GOAL OF THE EXERCISE> Leave out all pictures. Return exactly the lines from the top of the material through the line containing "メインコースの料金はマットか".

LISTED ENTRIES>
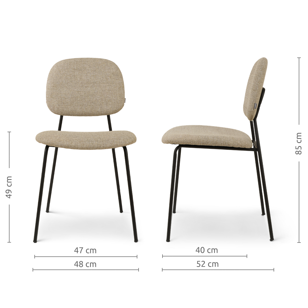 De onderhoudsvriendelijke stof blijft lang mooi en de stoel voelt stevig aan. Deze kleur past moeiteloos bij diverse interieurstijlen, van Scandinavisch tot Japandi en modern industrieel.
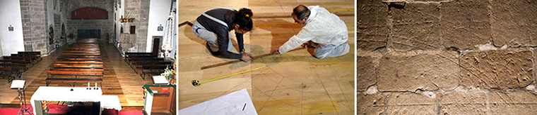 Intervención: se restauró la tarima de madera del suelo de la iglesia y, al levantarla, se descubrió un conjunto de monteas o trazas de cantero, de gran valor patrimonial e histórico. Una vez restaurada la tarima, se dibujaron sobre ella las monteas y sobre las partes más relevantes se colocó la tarima en cajones practicables para que los especialistas que deseen estudiarlas puedan acceder a ellas.
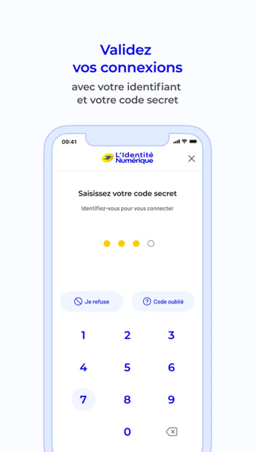L'Identité Numérique La Poste repose sur la combinaison unique de votre identifiant, votre application mobile et votre code secret. Cette procédure d'authentification forte permet de garantir vos accès en s'assurant que c'est bien vous qui êtes à l'origine de la demande de connexion. Avec La Poste, L'Identité Numérique c'est plus simple, plus sûre et plus pratique.
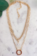This 3 layered necklace features a stunning open circle pendant in shimmering gold. With its delicate design and versatile style, this necklace can elevate any outfit. Perfect for any occasion, it adds a touch of elegance and sophistication to your look.
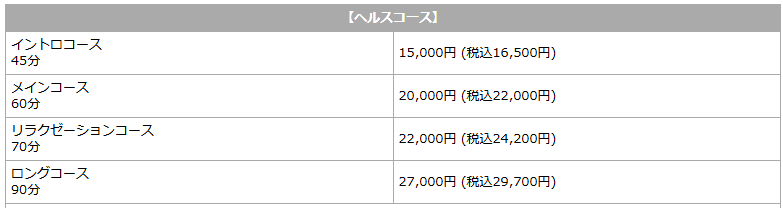 メインコースの料金はマットかベッドを選択する45分15,000円~、マットもベッドも楽しむコースが75分25,000円~
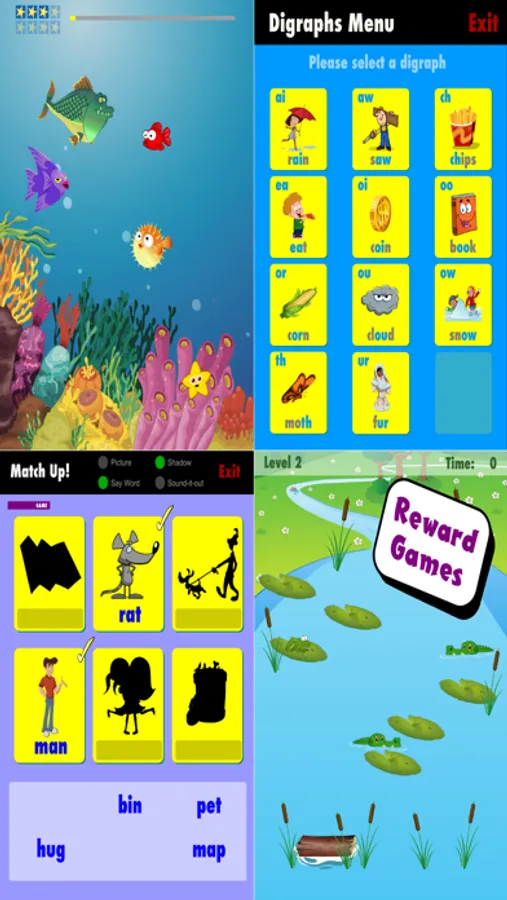 Upon completing each activity, children are rewarded with a simple tap-tap style arcade game of their choice, Frog Hop or Fish Food.

ANSWER TO THE EXERCISE>
 De onderhoudsvriendelijke stof blijft lang mooi en de stoel voelt stevig aan. Deze kleur past moeiteloos bij diverse interieurstijlen, van Scandinavisch tot Japandi en modern industrieel.
 Intervención: se restauró la tarima de madera del suelo de la iglesia y, al levantarla, se descubrió un conjunto de monteas o trazas de cantero, de gran valor patrimonial e histórico. Una vez restaurada la tarima, se dibujaron sobre ella las monteas y sobre las partes más relevantes se colocó la tarima en cajones practicables para que los especialistas que deseen estudiarlas puedan acceder a ellas.
L'Identité Numérique La Poste repose sur la combinaison unique de votre identifiant, votre application mobile et votre code secret. Cette procédure d'authentification forte permet de garantir vos accès en s'assurant que c'est bien vous qui êtes à l'origine de la demande de connexion. Avec La Poste, L'Identité Numérique c'est plus simple, plus sûre et plus pratique.
This 3 layered necklace features a stunning open circle pendant in shimmering gold. With its delicate design and versatile style, this necklace can elevate any outfit. Perfect for any occasion, it adds a touch of elegance and sophistication to your look.
 メインコースの料金はマットかベッドを選択する45分15,000円~、マットもベッドも楽しむコースが75分25,000円~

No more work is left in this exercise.